R – Os meus estudos de música começaram bastante cedo, aos 4 anos, no Conservatório de Música de São José da Guarda. Comecei pela guitarra clássica, estudei durante onze anos até ao fim do 9º ano, portanto, até aos 15 anos. Depois fui para Albergaria-a-Velha fazer o secundário, porque há lá uma escola profissional e eu gostava muito da professora de canto. No final do secundário concorri a várias universidades portuguesas, mas acabei por entrar em Haia. Fui estudar para lá sem bolsa, foi seguir a minha paixão.

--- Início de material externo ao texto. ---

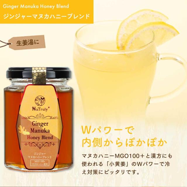 | 注意事項 | 一歳未満の乳児には与えないでください。(妊娠中・授乳中の方は、問題ありません。) 天然のハチミツですので採蜜時期や気象条件、地域などによって、蜂蜜の味や色が異なる場合がございます。無添加・着色をしていない証明です。天然ならではの自然の変化をお楽しみ頂ければと思います。 【ジンジャーマヌカハニーブレンド】 ※生姜は胃腸への刺激が強いため、食べ過ぎにご注意ください。 |

P – Como foi a adaptação a uma cidade como Haia, com um idioma e vida diferentes, mas também uma sensibilidade para o mundo das artes e da cultura tão diferente da nossa?
R – Diria que a adaptação inicial, aquilo que me custou mais, foram as saudades da família, porque sou muito ligada à minha família – é uma das razões que me leva a adorar mais a Guarda. Nos Países Baixos, ser da Guarda ajudou-me imenso por causa do clima, porque são bastante frios, mas como já trazia o hábito dos nossos invernos rigorosos então isso não me custou assim tanto. Quanto à adaptação em si, tenho muitos colegas portugueses na universidade e acho que isso nos ajuda muito a todos. Sentimo-nos muito mais em casa por isso. Mas há outra coisa que me faz muita falta em Haia: é a comida portuguesa, porque nada se lhe compara e cada vez vejo mais isso. Na verdade, foi e é muito bom estar numa cidade com tanto desenvolvimento para a música clássica e para as artes. Ali tenho oportunidade não só de atuar e cantar, mas muito mais de ouvir, de receber e de explorar outras artes e artistas.
P – Em Haia, estuda e sonha dedicar-se ao canto profissionalmente. Como portuguesa, como se vê a concretizar essa ambição?
R – Uma coisa de que tenho muita pena, enquanto cantora, é ter sempre aquele sentimento de que, em Portugal, infelizmente, será muito difícil realizar esse tipo de sonho. Obviamente que adoraria trabalhar no meu país e estar cá a tempo inteiro, mas, por outro lado, sei que me traz oportunidade levar a música clássica e a cultura portuguesas a outros sítios. Acabo a licenciatura daqui a dois anos e gostaria imenso de começar a trabalhar no mundo da ópera e da música clássica, no geral, então acho que é também uma boa oportunidade para Portugal se mostrar lá fora e mostrar o que fazemos aqui.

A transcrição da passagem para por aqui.